PhD Candidate, Cornell University
Snapshot Ensemble: Train 1, Get M for Free
Ensembles of neural networks are known to be much more robust and accurate than individual networks. However, training multiple deep networks for model averaging is computationally expensive. In this paper, we propose a method to obtain the seemingly contradictory goal of ensembling multiple neural networks at no additional training cost. We achieve this goal by training a single neural network, converging to several local minima along its optimization path and saving the model parameters. To obtain repeated rapid convergence, we leverage recent work on cyclic learning rate schedules. The resulting technique, which we refer to as Snapshot Ensembling, is simple, yet surprisingly effective. We show in a series of experiments that our approach is compatible with diverse network architectures and learning tasks. It consistently yields lower error rates than state-of-the-art single models at no additional training cost, and compares favorably with traditional network ensembles.
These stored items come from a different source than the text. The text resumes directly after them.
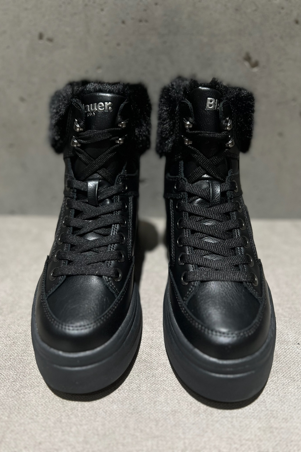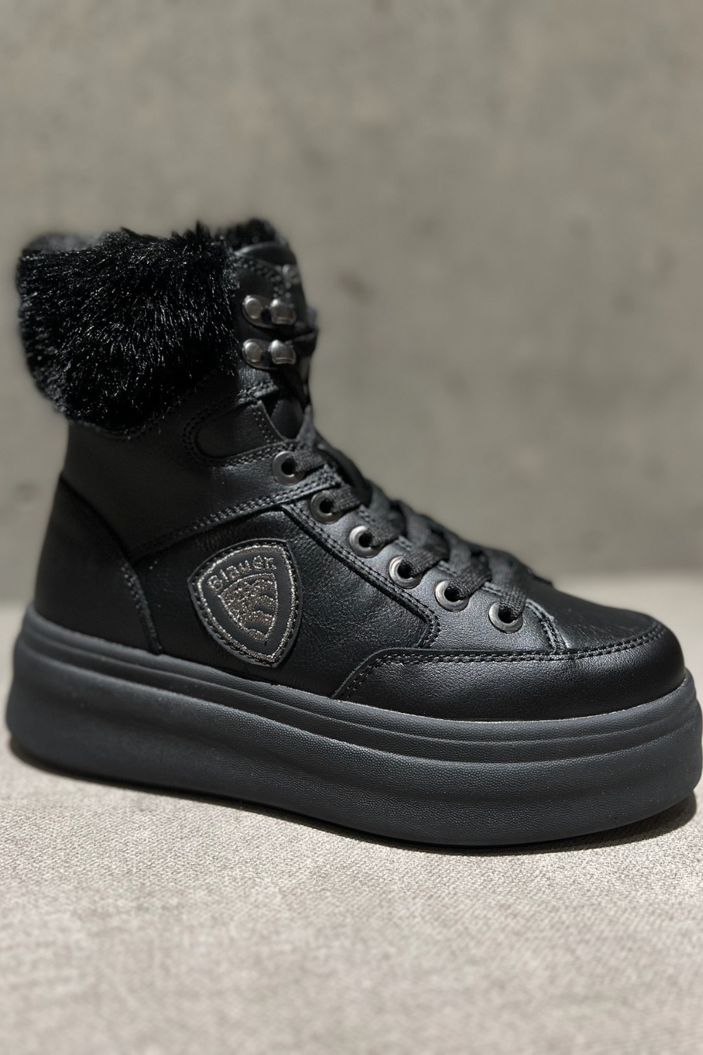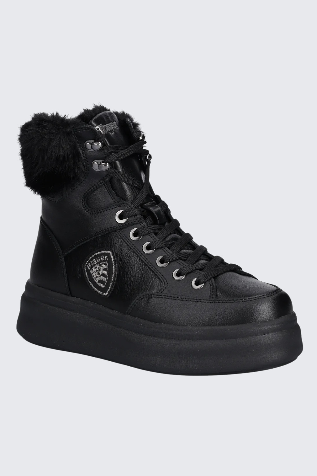 Dámské kotníkové boty značky BLAUER jsou zateplené kožíškem. Model je vyroben z kombinace semišové kůže, ekologické kůže a textilního materiálu. Boty mají vyztuženou patu a kulatou špičku. Zavazování je na ploché tkaničky. Na vnější straně boty je logo značky BLAUER ve tvaru erbu. Boty mají vroubkovanou podrážku a 5 cm platformu.
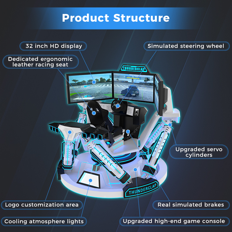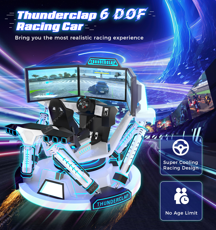 Thunderclap 6 Dof Racing Car is one of the new arrival arcade machines from INFINITY in 2024, which is equipped with 6dof servo cylinders, real simulated racing device like simulated steering wheel and brake
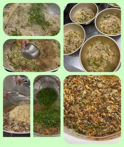 「牛丼」は、牛肉、糸こんにゃく、たまねぎ、にんじん、えのきたけ、青ねぎを使用し、砂糖、みりん、塩、薄口しょうゆ、濃口しょうゆで甘辛く味つけします。
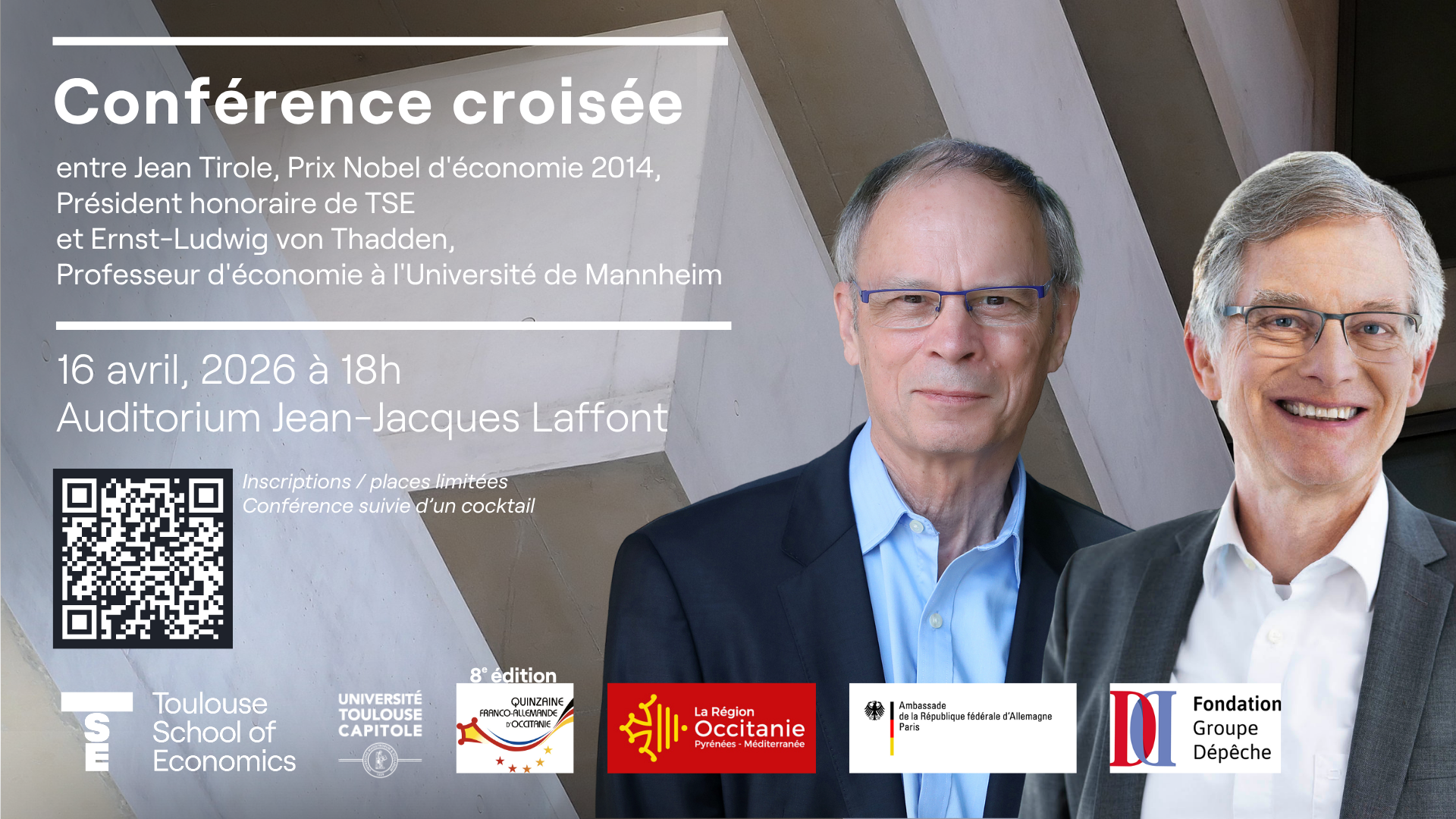 Dans le cadre de la quinzaine franco-allemande d'Occitanie, La Fondation Groupe Dépêche organise une conférence croisée entre Jean Tirole Prix Nobel d'économie, Président Honoraire de TSE et Ernst-Ludwig von Thadden, Professeur d'économie à l'Université de Mannheim et vient ainsi clôturer la la 8ème édition de cette quinzaine franco-allemande d'Occitanie.
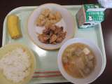 今日の献立は、ごはん、牛乳、あっさりチキン、ごまポテト、つみれ汁、バナナです。
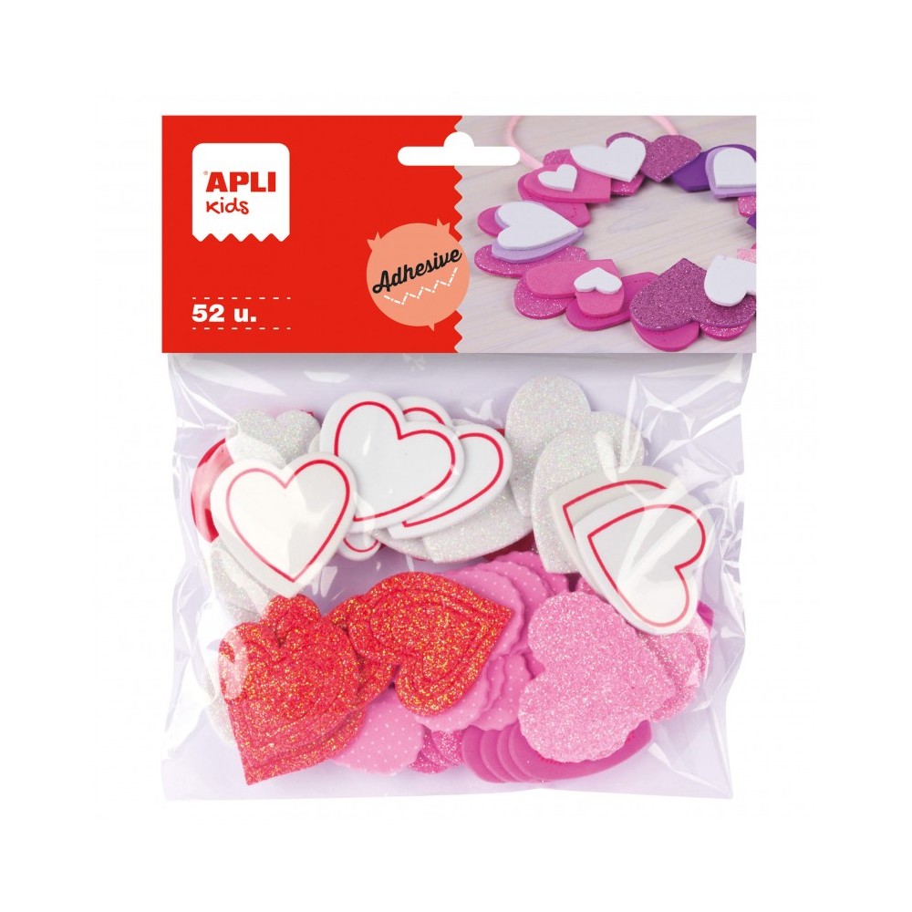 Apli Formas de Corazones Adhesivas de Goma Eva - 52 Formas - Medidas Surtidas - Material Suave y Seguro - Colores Surtidos Purpu
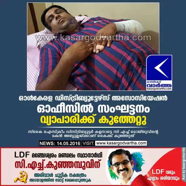 കാസര്‍കോട്: (www.kasargodvartha.com 14.05.2016) ഐസ്‌ക്രീം ഡിസ്ട്രിബ്യൂട്ടര്‍മാര്‍ തമ്മിലുള്ള തര്‍ക്കം പരിഹരിക്കുന്നതിനായി ഓള്‍കേരള ഡിസ്ട്രിബ്യൂട്ടേഴ്‌സ് അസോസിയേഷന്‍ ഓഫീസില്‍ നടന്ന അനുരഞ്ജന ചര്‍ച്ചയ്ക്കിടെയുണ്ടായ സംഘട്ടനത്തില്‍ വ്യാപാരിക്ക് കുത്തേറ്റു.
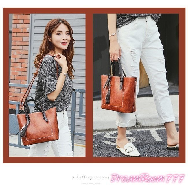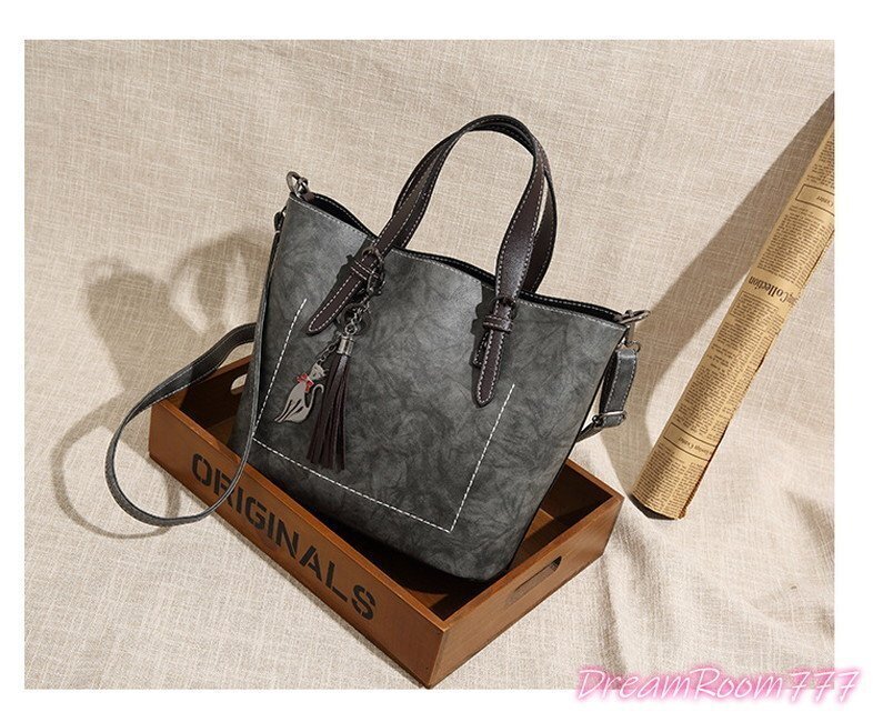 タッセルチャーム付き ミドル レザーバケツトートBAG【グレー】 ハンドバッグ ショルダーバッグ セレブ 合皮革 K-095-3
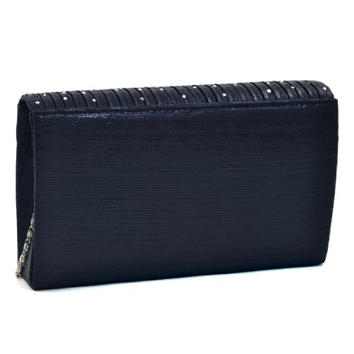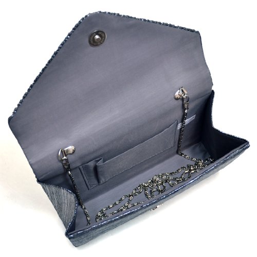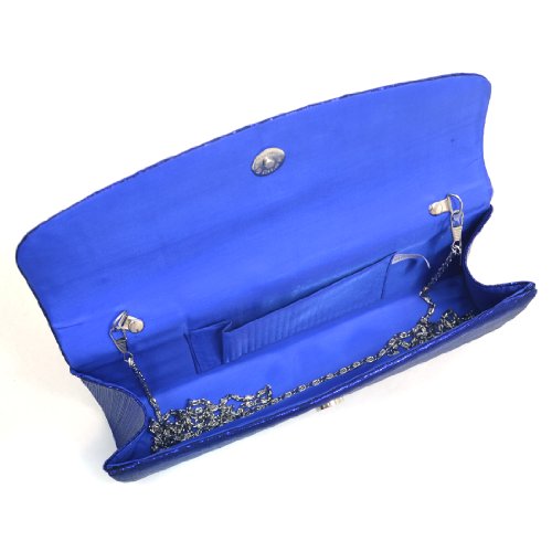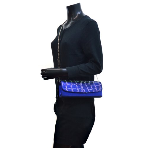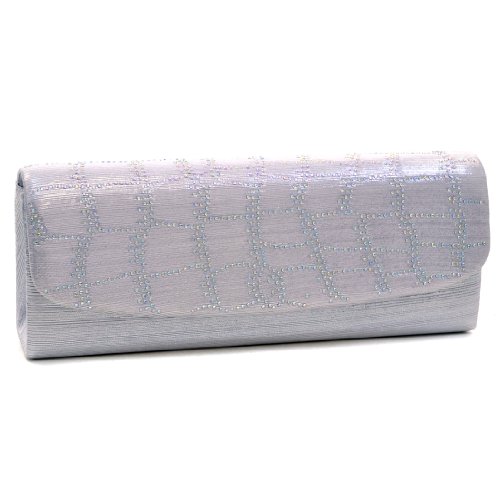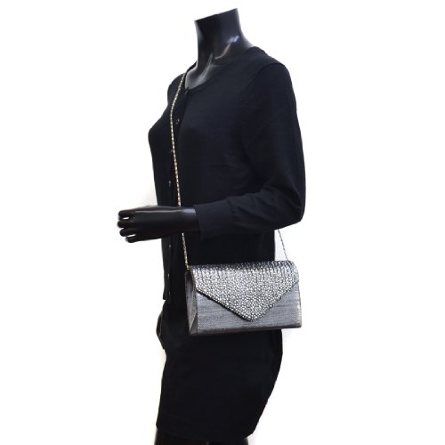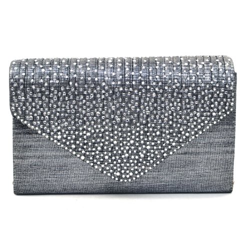 -. Feature : Material: Made of high quality polyester / Dimensions: 8.5"W x 5"H x 2"D, Detachable 40" chain strap / Closure: Subtly pleated flap with magnetic closure / Pockets: Interior features a back-wall multifunctional pocket / Features: Rhinestones in variety of sizes on flap, Silver tone hardware, This tall evening envelope style clutch is frosted with glistening rhinestones that will make you glow during your special occasion. Inside can easily fit a cell phone, wallet, compact mirror, lip gloss, and a pack of gum.
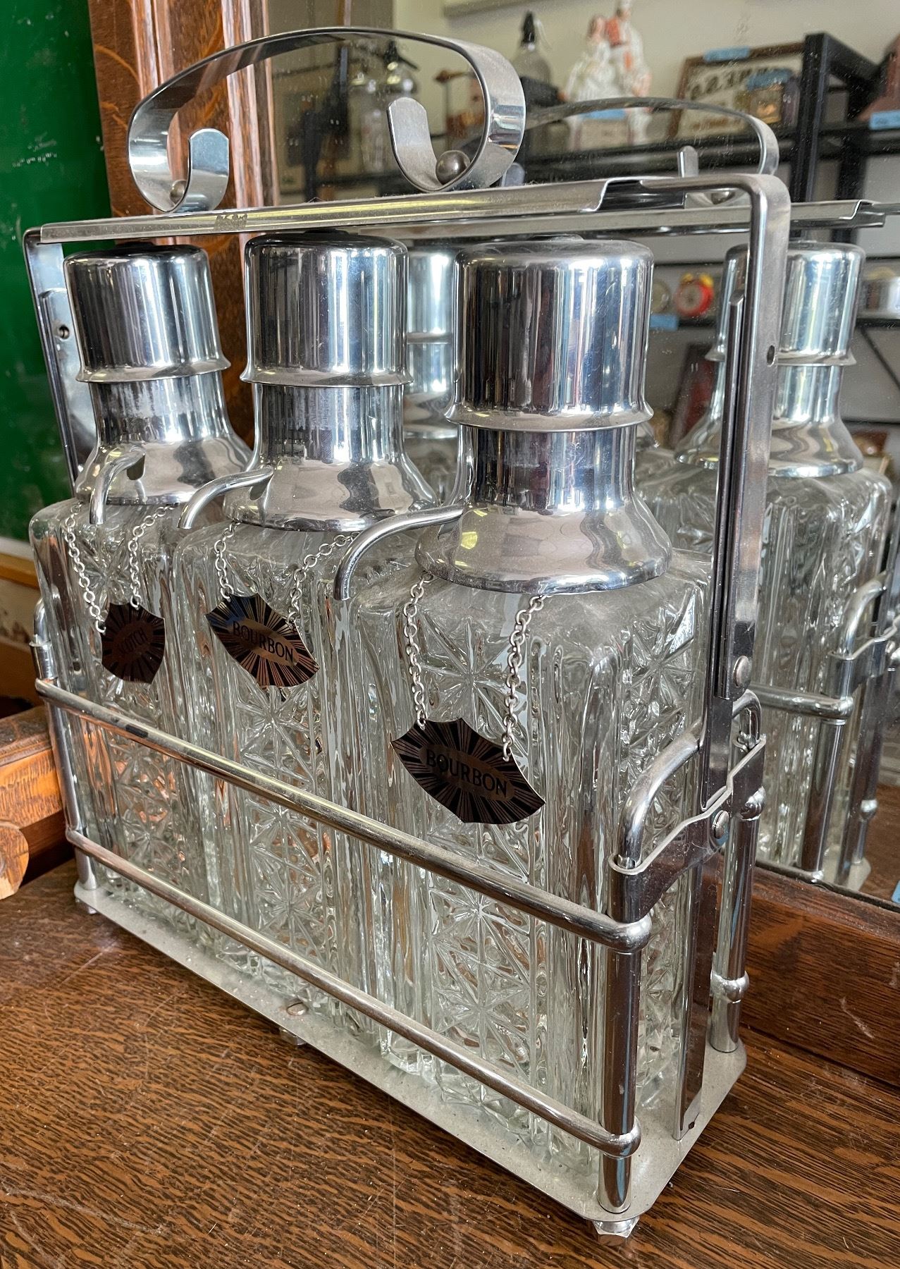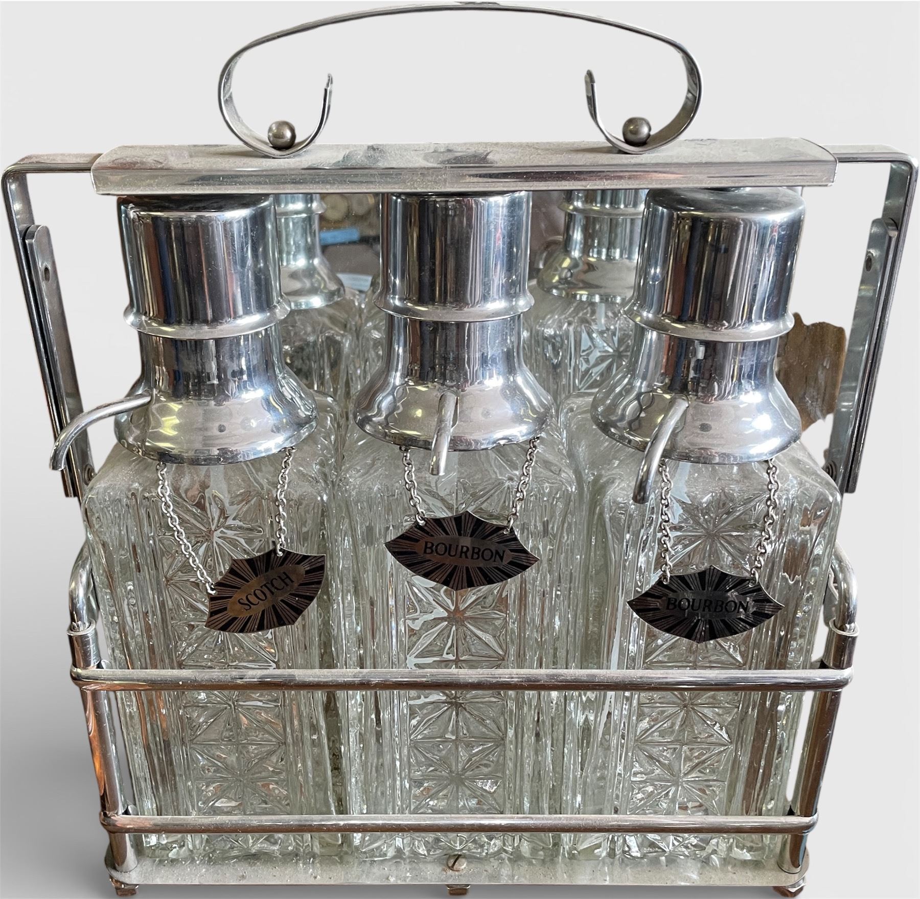 Vintage Cut Glass Decanter Set with Chrome Rack (Scotch & Bourbon)

On CIFAR-10 and CIFAR-100 our DenseNet Snapshot Ensembles obtain error rates of 3.4% and 17.4% respectively.
Yixuan Li is a Ph.D. candidate at Cornell University, advised by Professor John Hopcroft. Her thesis committee members are Kilian Weinberger and Thorsten Joachims. Her research focuses on both the theoretical and applied aspects of machine learning and perception. Yixuan is particularly interested in large-scale machine learning for the web, with topics including scalable semi-supervised learning, deep representation learning for vision tasks, user modeling in social media, and visual attention based personalization etc. A key focus of her recent work has been on deep learning. Projects include convergent learning in deep neural networks, optimizing neural networks with efficient computational cost, adversarial training of deep generative models, improving neural network safety, and theorectical aspect of deep learning. Yixuan has published in leading machine learning and computer vision conferences, such as NIPS, ICLR, CVPR and WWW. Prior to Cornell, she graduated from Shanghai Jiaotong University with B.Eng in Information Engineering in 2013. She was twice a research intern with Google Research (Mountain View) in 2015 and 2016.